__Exercise objective__: What is needed is an exact copy of the lines in the entries below from the one holding "Aragorn and the" through the one holding "273 x 273 x", pictures excluded.

__Exercise material__:
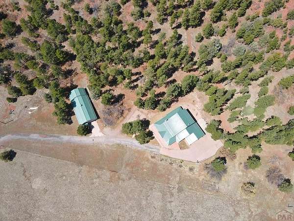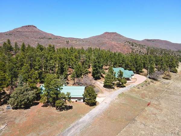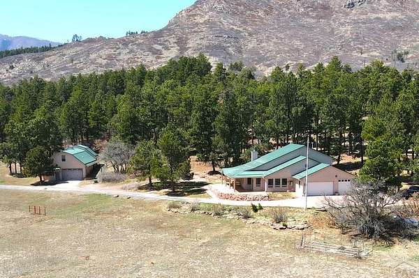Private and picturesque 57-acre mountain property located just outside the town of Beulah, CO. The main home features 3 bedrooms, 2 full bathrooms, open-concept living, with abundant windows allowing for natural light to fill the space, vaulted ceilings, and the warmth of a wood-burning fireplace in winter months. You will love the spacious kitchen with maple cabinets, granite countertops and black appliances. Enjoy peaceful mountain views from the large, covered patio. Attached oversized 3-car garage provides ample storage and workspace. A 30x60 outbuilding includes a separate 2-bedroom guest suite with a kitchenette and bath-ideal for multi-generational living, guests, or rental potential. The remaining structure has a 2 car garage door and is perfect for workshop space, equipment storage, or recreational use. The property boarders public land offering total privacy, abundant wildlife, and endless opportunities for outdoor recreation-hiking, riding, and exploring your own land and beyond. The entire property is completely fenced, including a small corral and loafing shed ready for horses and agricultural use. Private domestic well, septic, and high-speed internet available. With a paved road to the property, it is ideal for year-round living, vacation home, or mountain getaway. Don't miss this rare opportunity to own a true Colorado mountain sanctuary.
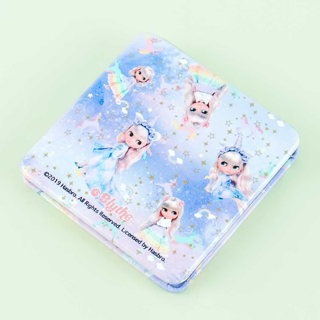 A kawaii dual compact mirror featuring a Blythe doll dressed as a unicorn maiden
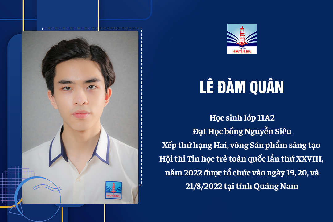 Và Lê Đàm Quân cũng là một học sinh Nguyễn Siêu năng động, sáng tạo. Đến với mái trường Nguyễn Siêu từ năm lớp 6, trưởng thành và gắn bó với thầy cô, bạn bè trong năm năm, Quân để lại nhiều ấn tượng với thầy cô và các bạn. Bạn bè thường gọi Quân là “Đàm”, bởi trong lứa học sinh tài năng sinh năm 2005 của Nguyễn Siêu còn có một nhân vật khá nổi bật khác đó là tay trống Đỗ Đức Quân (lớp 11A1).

--

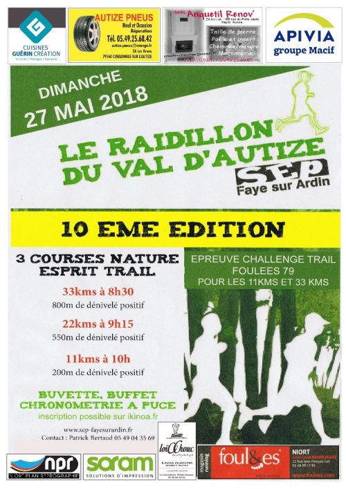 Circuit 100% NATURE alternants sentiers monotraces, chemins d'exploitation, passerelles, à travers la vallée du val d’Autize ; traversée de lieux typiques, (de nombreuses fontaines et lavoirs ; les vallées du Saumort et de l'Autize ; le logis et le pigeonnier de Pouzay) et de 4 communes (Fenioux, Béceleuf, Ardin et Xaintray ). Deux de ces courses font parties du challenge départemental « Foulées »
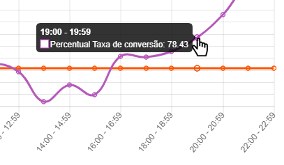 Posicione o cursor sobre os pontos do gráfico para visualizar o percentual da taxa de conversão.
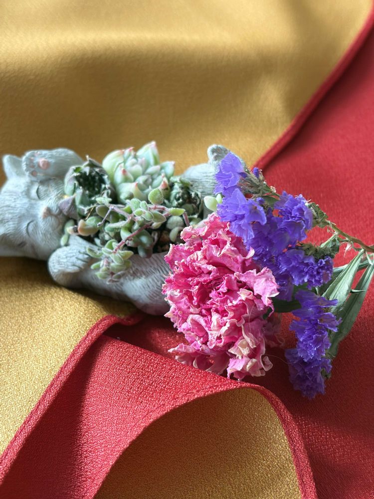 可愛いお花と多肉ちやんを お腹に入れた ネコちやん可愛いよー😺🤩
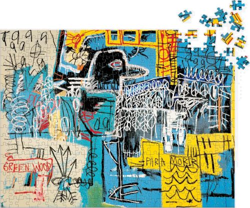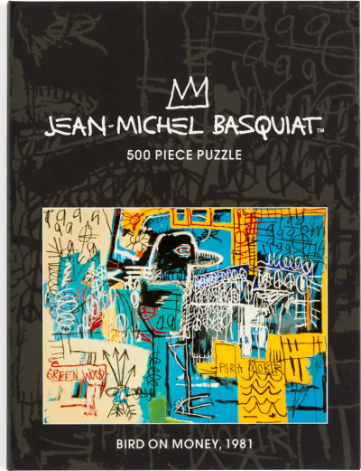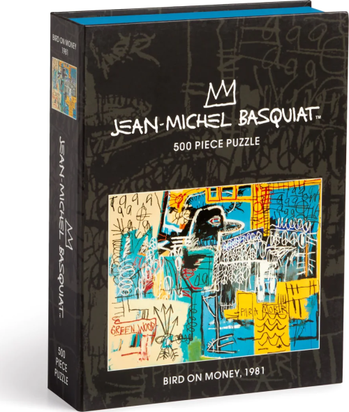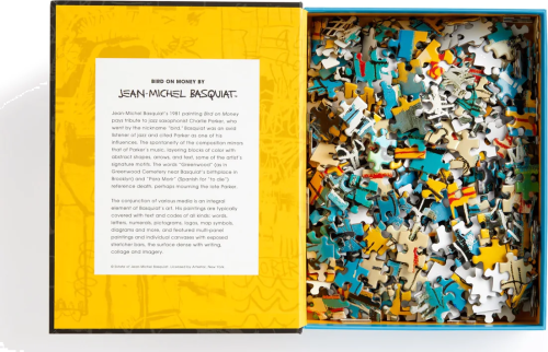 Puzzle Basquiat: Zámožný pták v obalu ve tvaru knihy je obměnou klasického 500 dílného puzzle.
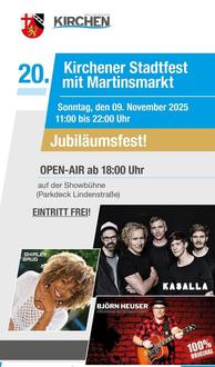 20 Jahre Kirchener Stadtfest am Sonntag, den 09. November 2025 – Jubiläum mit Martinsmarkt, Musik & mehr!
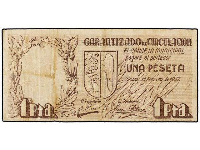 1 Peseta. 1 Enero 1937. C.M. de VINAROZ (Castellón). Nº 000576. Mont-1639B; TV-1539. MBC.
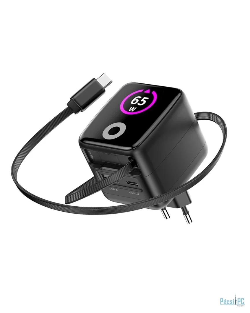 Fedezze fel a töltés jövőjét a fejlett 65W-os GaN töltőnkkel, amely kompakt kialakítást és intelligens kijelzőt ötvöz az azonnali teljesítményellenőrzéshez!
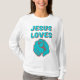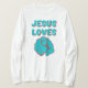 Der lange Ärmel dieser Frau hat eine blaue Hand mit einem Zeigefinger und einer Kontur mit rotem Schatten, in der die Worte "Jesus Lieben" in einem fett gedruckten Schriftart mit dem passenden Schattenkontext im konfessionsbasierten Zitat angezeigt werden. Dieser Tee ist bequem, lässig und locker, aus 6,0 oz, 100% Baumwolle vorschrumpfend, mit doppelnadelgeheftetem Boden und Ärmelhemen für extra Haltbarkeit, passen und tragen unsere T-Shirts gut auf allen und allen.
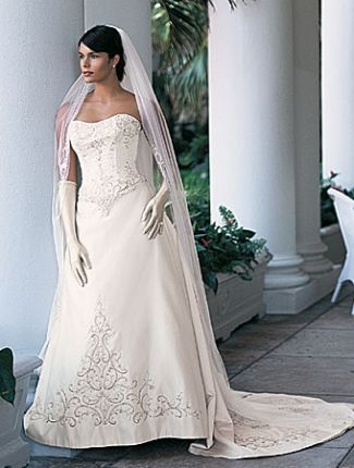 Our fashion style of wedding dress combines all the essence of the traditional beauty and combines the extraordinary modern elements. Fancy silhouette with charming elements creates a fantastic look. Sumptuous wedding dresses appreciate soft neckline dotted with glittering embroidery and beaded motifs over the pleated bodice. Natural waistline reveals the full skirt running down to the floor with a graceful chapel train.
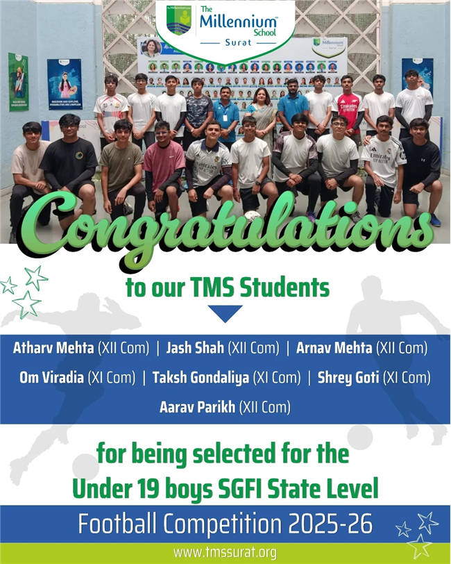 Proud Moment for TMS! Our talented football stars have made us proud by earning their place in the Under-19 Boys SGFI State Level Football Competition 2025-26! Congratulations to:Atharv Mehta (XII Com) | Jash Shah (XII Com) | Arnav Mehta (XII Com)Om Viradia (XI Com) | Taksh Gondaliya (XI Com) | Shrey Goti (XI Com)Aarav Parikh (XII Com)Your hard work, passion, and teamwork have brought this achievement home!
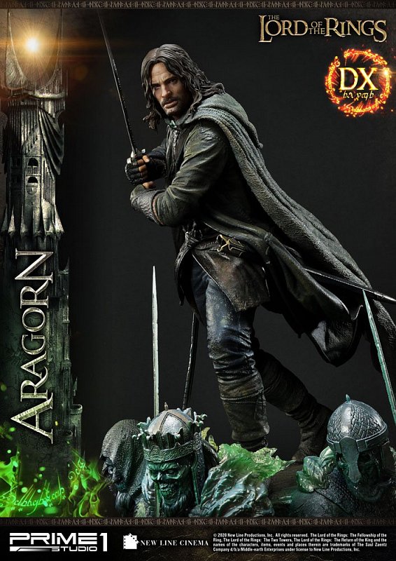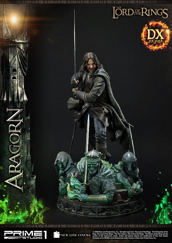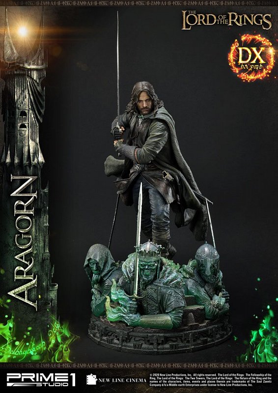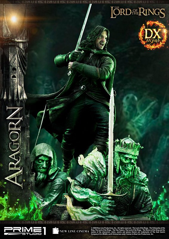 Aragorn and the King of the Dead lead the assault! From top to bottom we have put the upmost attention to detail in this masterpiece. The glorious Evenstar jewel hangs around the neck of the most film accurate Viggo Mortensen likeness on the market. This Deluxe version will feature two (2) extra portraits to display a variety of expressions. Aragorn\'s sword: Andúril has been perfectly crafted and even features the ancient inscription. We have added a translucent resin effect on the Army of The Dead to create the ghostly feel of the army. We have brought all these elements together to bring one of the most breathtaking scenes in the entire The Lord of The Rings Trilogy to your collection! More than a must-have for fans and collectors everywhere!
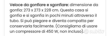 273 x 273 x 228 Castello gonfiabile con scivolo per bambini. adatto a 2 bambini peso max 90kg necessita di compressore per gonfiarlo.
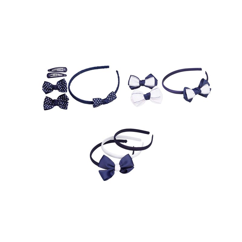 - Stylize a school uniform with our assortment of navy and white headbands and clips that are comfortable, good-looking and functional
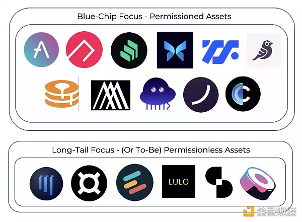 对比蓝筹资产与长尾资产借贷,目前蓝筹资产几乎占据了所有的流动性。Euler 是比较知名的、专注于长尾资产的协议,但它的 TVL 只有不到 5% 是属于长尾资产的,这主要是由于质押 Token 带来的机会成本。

__Answer box__:
 Aragorn and the King of the Dead lead the assault! From top to bottom we have put the upmost attention to detail in this masterpiece. The glorious Evenstar jewel hangs around the neck of the most film accurate Viggo Mortensen likeness on the market. This Deluxe version will feature two (2) extra portraits to display a variety of expressions. Aragorn\'s sword: Andúril has been perfectly crafted and even features the ancient inscription. We have added a translucent resin effect on the Army of The Dead to create the ghostly feel of the army. We have brought all these elements together to bring one of the most breathtaking scenes in the entire The Lord of The Rings Trilogy to your collection! More than a must-have for fans and collectors everywhere!
 273 x 273 x 228 Castello gonfiabile con scivolo per bambini. adatto a 2 bambini peso max 90kg necessita di compressore per gonfiarlo.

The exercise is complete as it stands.